Ludvig Peter Fenger (7 July 1833 - 9 March 1905) was a Danish architect. He was a proponent of the Historicist style, and from 1886 to 1904 he held the title of City Architect in Copenhagen.

Among his works are several churches, the Central Fire Station and Vestre Prison in Copenhagen. He also directed the renovations of Church of Holmen and Christian IV's Stock Exchange.

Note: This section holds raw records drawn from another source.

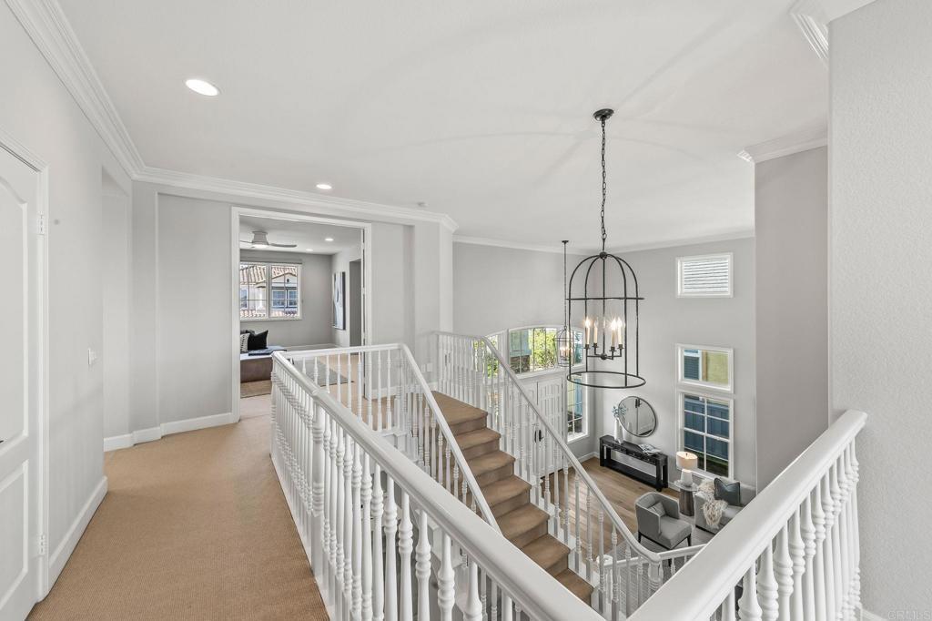 Welcome to 12833 Baywind Point - a beautifully updated Promontory Plan home nestled on a quiet cul-de-sac with stunning canyon views in one of San Diego's most desirable neighborhoods. This thoughtfully upgraded residence offers spacious, light-filled living areas designed for both everyday comfort and effortless entertaining. The house features generous living spaces with an ideal floor plan for families with 5 bedrooms, 4 1/2 baths and a large bonus room upstairs, perfect for a play room or movie room, owned Solar with Tesla Powerwall battery and EV charger in the garage for easy charging. Expansive windows frame beautiful canyon vistas, bringing natural beauty indoors and creating a serene backdrop for daily living. Step outside to a refreshed backyard designed for year-round enjoyment. A covered seating area provides the perfect setting for outdoor eating or relaxing, while a built in gas fire pit creates a warm, inviting space for evening gatherings. A sleek glass fence preserves the expansive canyon views while maintaining safety and sophistication, allowing you to fully enjoy the natural surroundings. Situated in a highly sought-after community known for top-rated schools, quiet streets, and exceptional quality of life, this property is perfect for families seeking both convenience and tranquility. Scenic trails and parks are within walking distance, offering endless opportunities for outdoor recreation and connection to nature. This is a truly turnkey property impeccably maintained, tastefully upgraded, and ready for its next owner to move right in and enjoy.
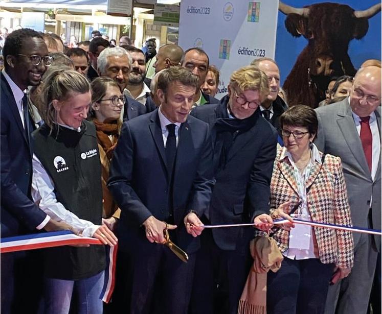 Arrivé à 9 h 30, il a coupé le traditionnel cordon tricolore aux côtés du ministre de l’Agriculture, Marc Fesneau, du président du Ceneca, Jean-Luc Poulain et de Christiane Lambert avant d’entamer son parcours à travers les allées du Salon déjà bien remplies. Il a commencé par saluer l’égérie de ce grand rendez-vous annuel de l’agriculture et des traditions culinaires : Ovalie, la vache de race Salers accompagnée de ses deux jumelles Utopie et Utopia. Les propriétaires d’Ovalie, Marine et Michel Van Simmertier l’ont notamment interpelé sur la sécheresse, les rats taupiers ainsi que sur le Mercosur. « Moi, j’ai tenu une position de fermeté sur le Mercosur et je vais continuer à la tenir (…) je veux qu’ils (les pays du Mercosur, ndlr), respectent autant que nous l’environnement et qu’il y ait des clauses miroirs », a répondu le chef de l’État. Il a également appelé les distributeurs à « faire un effort sur leurs marges » face à l’inflation. Les prix de l’alimentation sont en hausse de 12 % sur un an, en raison notamment de la guerre en Ukraine et de la reprise économique post-Covid. Emmanuel Macron s’est ému que 70 % de la viande servie dans la restauration hors domicile, soit étrangère : « elle n’est pas française. Ça, ce n’est pas le Mercosur. Il faut que la filière s’organise mieux. On sert de la viande européenne. Il n’y a rien qui l’impose », a-t-il ajouté.
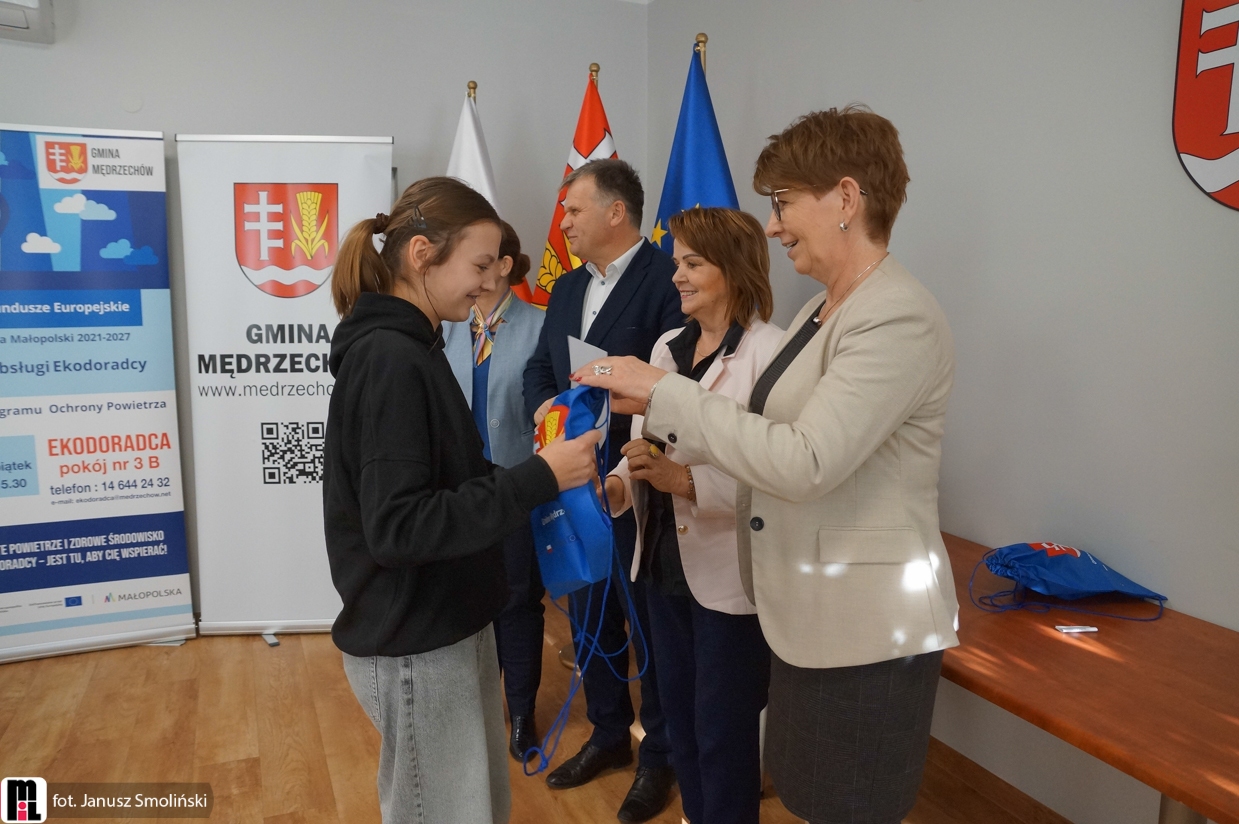 W uroczystym wręczeniu nagród uczestniczyli przedstawiciele samorządu: wójt gminy Mędrzechów Krzysztof Korzec, sekretarz gminy Barbara Pobiegło, przewodnicząca Rady Gminy Barbara Brożek oraz skarbnik Ewa Klimaj. Samorządowcy pogratulowali wszystkim uczestnikom konkursu, podkreślając znaczenie edukacji klimatycznej już od najmłodszych lat.
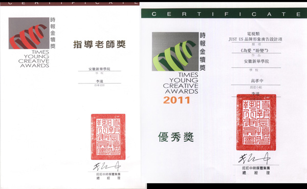 時報金犢獎由中國臺灣四大報紙之一的《中國時報》創(chuàng)辦于1992年,是全球華人地區(qū)規(guī)模最大的學(xué)生廣告活動,每年都有來自世界各地的學(xué)生參加,本屆金犢獎共設(shè)十大類獎項:平面廣告類(分六項評選)、電視廣告類、網(wǎng)絡(luò)廣告類、廣播廣告類、技術(shù)類、行銷企劃類、動畫廣告類、插畫類、裝置藝術(shù)類、人物品造型類;另設(shè)最佳文案、最佳美術(shù)、最佳原創(chuàng)、全場大獎等四個大獎。本屆賽事,兩岸參賽作品達(dá)到22355件。其中,大陸地區(qū)參賽作品13830件,參賽學(xué)校917所,均創(chuàng)下歷年最高紀(jì)錄。由我校動漫學(xué)院教師李遠(yuǎn)指導(dǎo),學(xué)生高孝中創(chuàng)作的電視類廣告作品《爲(wèi)愛“盼變”》在眾多參賽作品獲得優(yōu)秀獎。
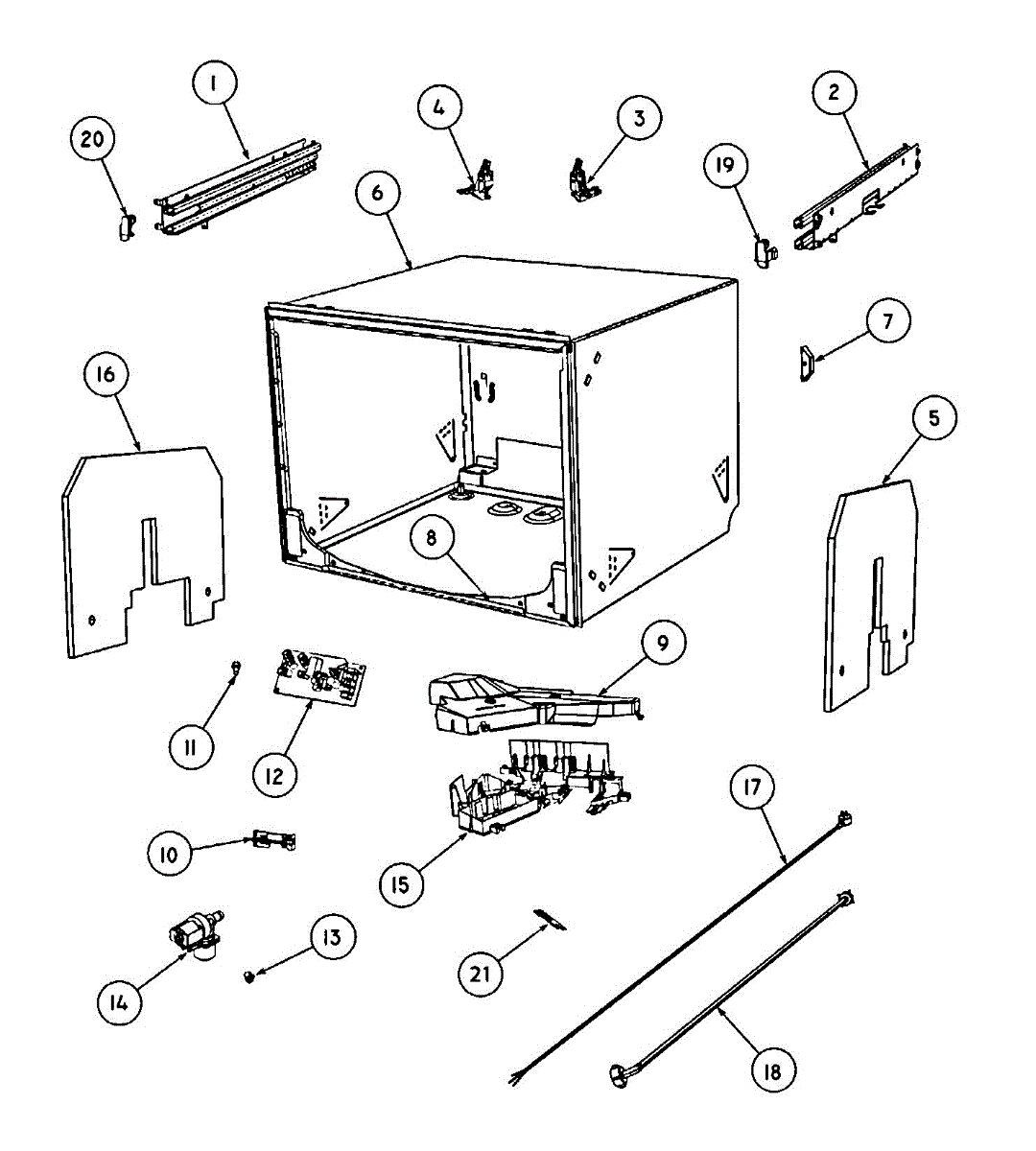 A chassis replacement kit that restores the dishwasher's structural support and mounting for the tub and internal components, helping return proper alignment and reduce abnormal vibration or movement. What it does:
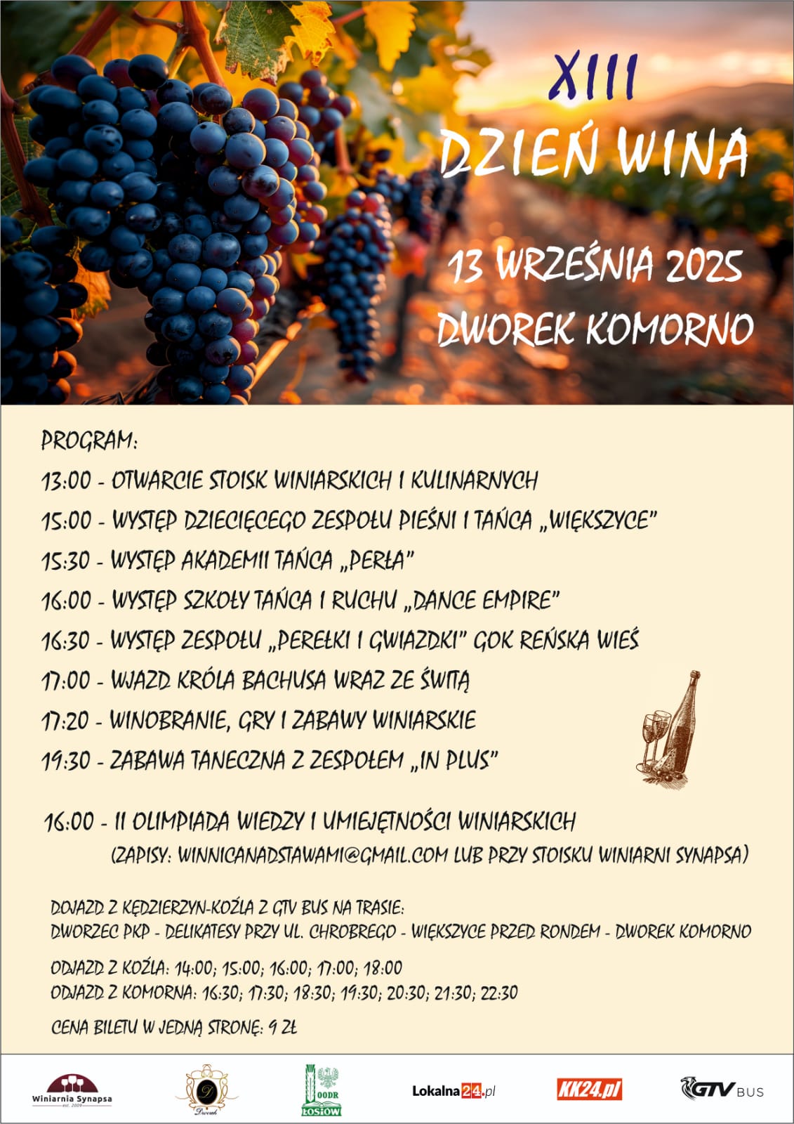 Szczegółowy program XIII Dnia Wina oraz dokładne godziny odjazdu autobusów w obie strony, znajdziecie na poniższym plakacie.
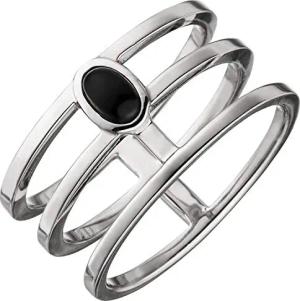 Ring Damenring 3-reihig breit mit ovalem Onyx, 925 Silber Fingerschmuck, Ringgröße:Innenumfang 54mm ~ Ø17.2mm

==Early life and education==
Ludvig Fenger was born on 7 July 1833 in the village of Slots Bjergby outside Slagelse, the son of Peter Andreas Fenger and Louise Augusta Manthey. His father was the local pastor. His paternal grandfather was the theologian Rasmus Fenger. His maternal grandrfather was the pharmacist and landowner Ludvig Manthey. Fenger graduated from Slagelse Latin School. After that he attended the Royal Danish Academy while also working for architects such as Gottlieb Bindesbøll, Christian Hansen and Ferdinand Meldahl. He won the Academy's Large Gold Medal in 1866 and went on several journeys abroad from 1867 to 1869. He participated in the Second Schleswig War against Germany, was wounded and became a prisoner of war.

==Career==
In 1871 Fenger became a member of the Academy and in 1880 he was made a professor. From 1886 he was a corresponding member of the Royal Institute of British Architects.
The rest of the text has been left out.